I’m sorry, my love. Forgive me. I didn’t know. Believe me, I didn’t know …
The threshing team clanked into the yard on great, grinding, cast-iron wheels, spewing out coal-smoke, throwing mud in all directions.
‘Good grief,’ Kath gasped.
‘First time you’ve seen one?’ Jonty smiled.
It was. She stood still and wide-eyed, thinking so strange a contraption could only have come from an age that had known Stephenson’s Rocket. It was almost a steam-roller, yet with the look of an ancient steam train about it and it pulled a brightly painted contrivance behind it.

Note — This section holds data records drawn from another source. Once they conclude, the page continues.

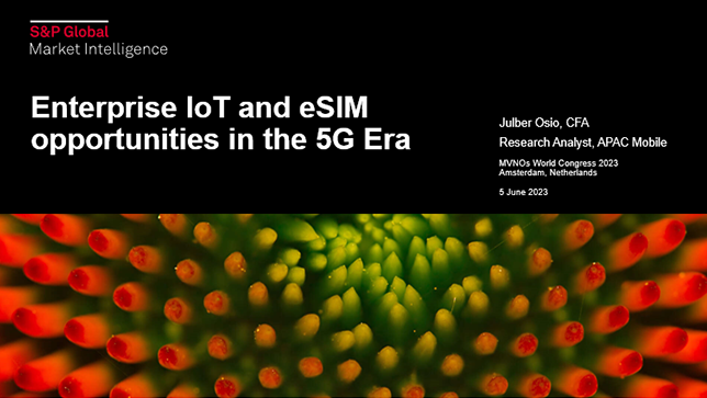 Maturing telecommunications infrastructure in developed markets stands to expand the role of telco operators to service enablers as well as providers. At the recent MVNOs World Congress 2023, S&P Global highlighted key opportunities for telcos to leverage 5G and embedded SIM (eSIM) technologies to power the growing universe of the internet of things (IoT). The S&P Global presentation, which included data and insights from Kagan and 451 Research, focused on three key trends for the industry: opportunities for mobile network operators (MNOs) as specialized companies, industry attitudes toward enterprise IoT deployments and the role of eSIM in enterprise deployments.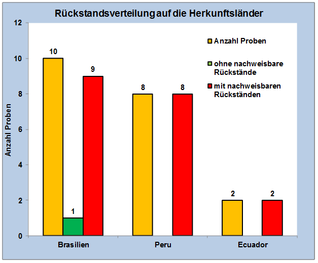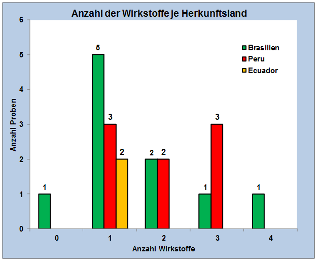 Abbildung 2 zeigt die Anzahl der nachgewiesenen Rückstände in den Mangoproben bezogen auf das angegebene Herkunftsland. Lediglich in einer Probe aus Brasilien waren keine Pflanzenschutzmittel nachweisbar. Mehrfachrückstände (mehr als ein Wirkstoff pro Probe) wurden in 9 Proben (= 45 %) der insgesamt 20 untersuchten Mangoproben bestimmt. Jeweils 4 Proben enthielten zwei bzw. drei Pestizidrückstände. In einer Probe Mango aus Brasilien wurden vier verschiedene Wirkstoffe nachgewiesen.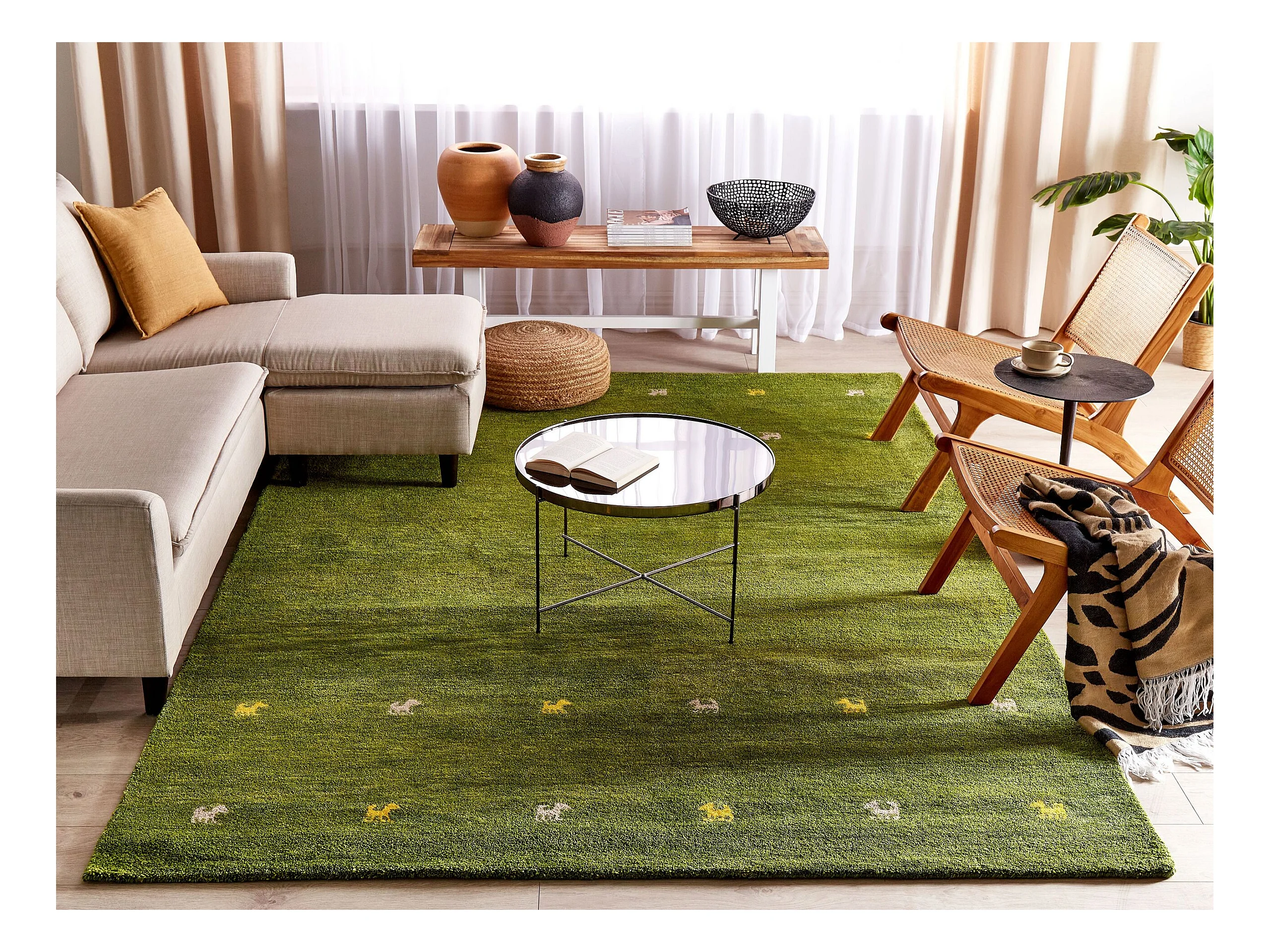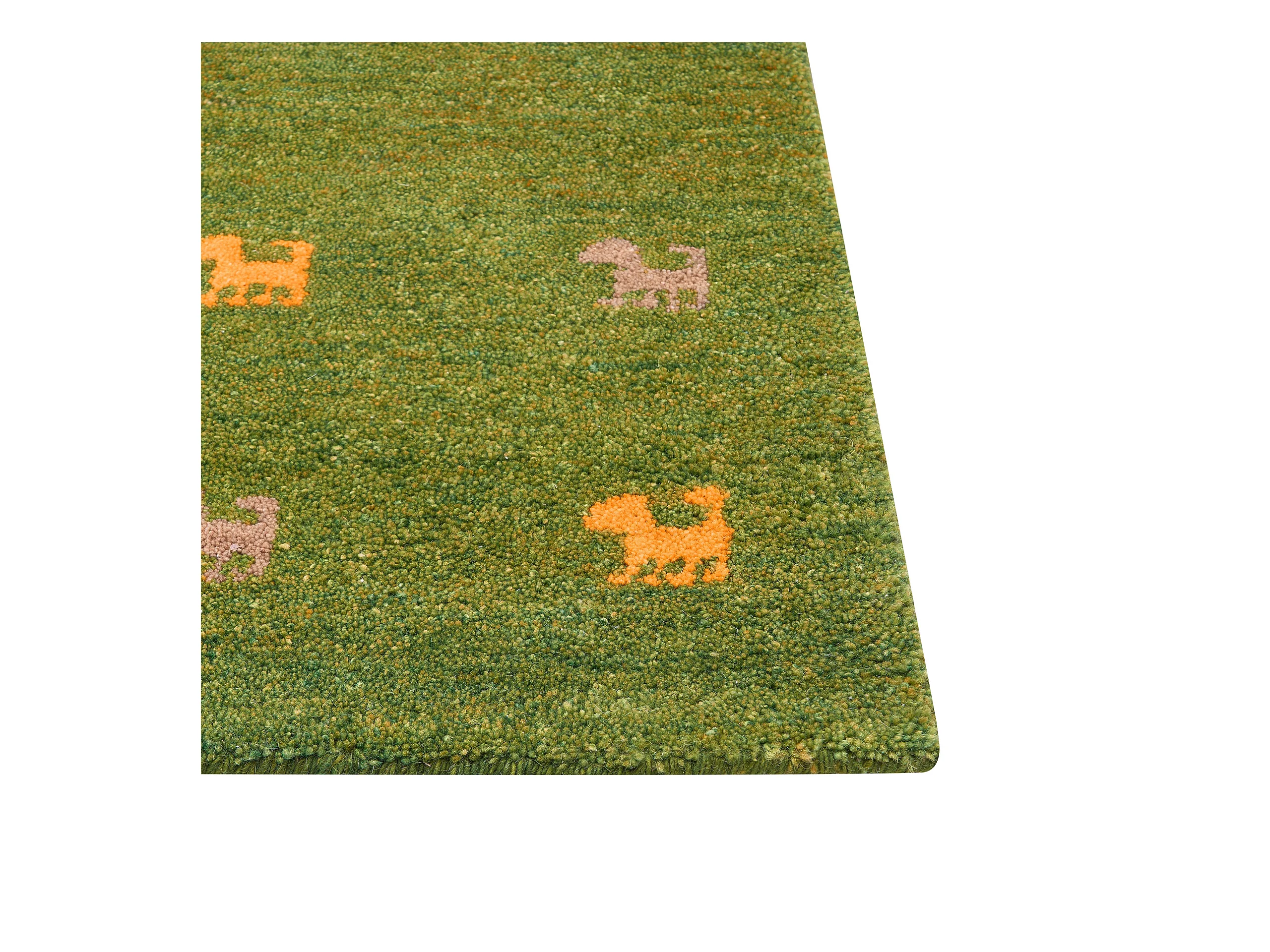 Gabbeh Teppich grün aus Wolle 200x300 cm Hochflor Westernmotiv Tiermuster weich Yulafi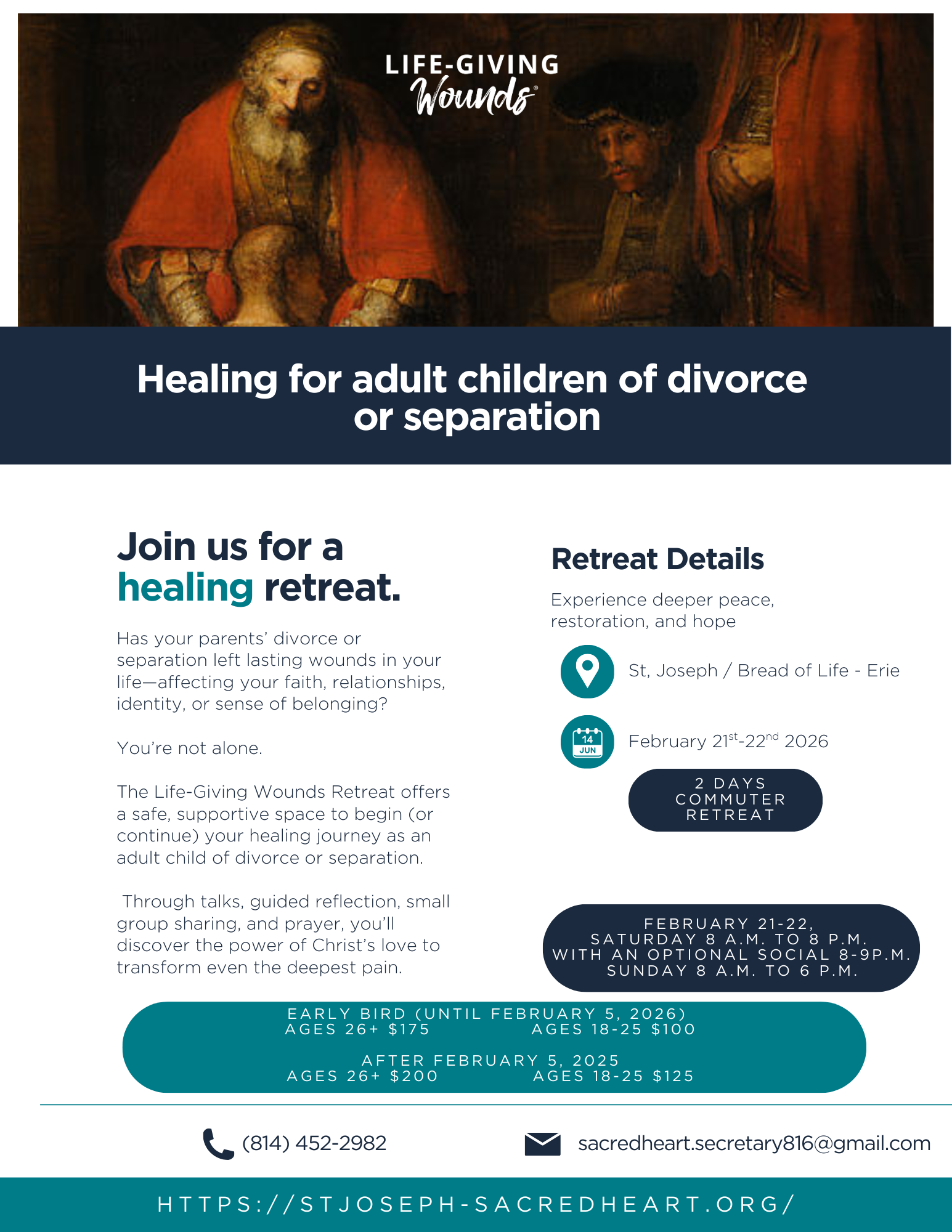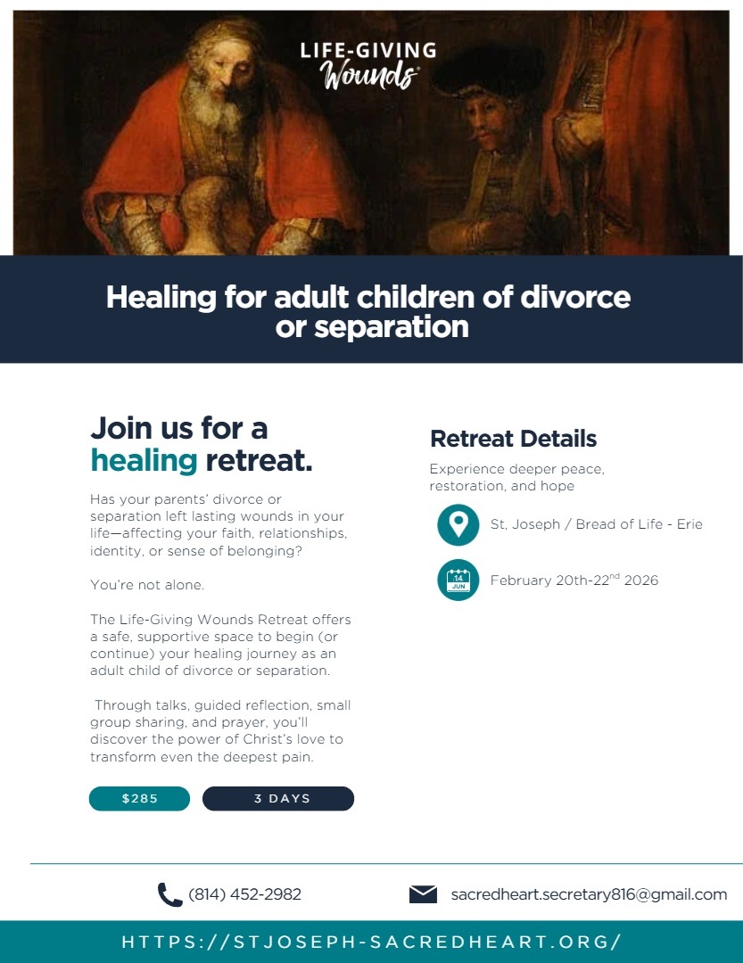 The Life-Giving Wounds retreat is a three-day retreat for young adults and adults with divorced or separated parents. It invites participants to move through the broken image of love that appeared to them in their parents’ relationship to their deepest identity found in God. The retreat gives participants a greater understanding of the wound of divorce and the ways it affects their lives, offers advice about the difficulties concerning love and trust of others, and explains how the Catholic faith, spiritual practices, and the Sacraments are essential to self-knowledge and healing. This retreat has something for any adult child of

‘That’s the thresher,’ Jonty supplied, following her gaze. ‘They’ll back it up to the stack and the sheaves will be thrown down into it, into the drum.’
‘Y-yes.’ Kath frowned. ‘Does it work on electricity?’
‘Nothing quite so convenient.’ Jonty shrugged. ‘Look – see that big wheel on the engine beside the driver’s seat? It’s that wheel that connects by a belt to the thresher; and, roughly, is what drives it. And without blinding you with science,’ he laughed, ‘the straw comes out at one end, the wheat at the other and the chaff – the wheat husks, that is – drop down below it.’ He smiled again and his eyes, thick-lashed and blue, crinkled mischievously. ‘Got that?’
‘Yes. Well, I think so.’ My, but he was handsome. ‘You’ll let me down lightly, Jonty?’
‘I will. If you aren’t afraid of heights you can go on top of the stack with Marco. He’ll be feeding the sheaves down into the drum; you can keep them coming to him – okay?’
It wasn’t. All at once she was apprehensive, but she said she’d do her best – and thought how foolish she had been to worry about milking a cow, when, had she known about traction engines and threshing machines that day she volunteered for the Land Army, she’d have taken to her heels and run a mile!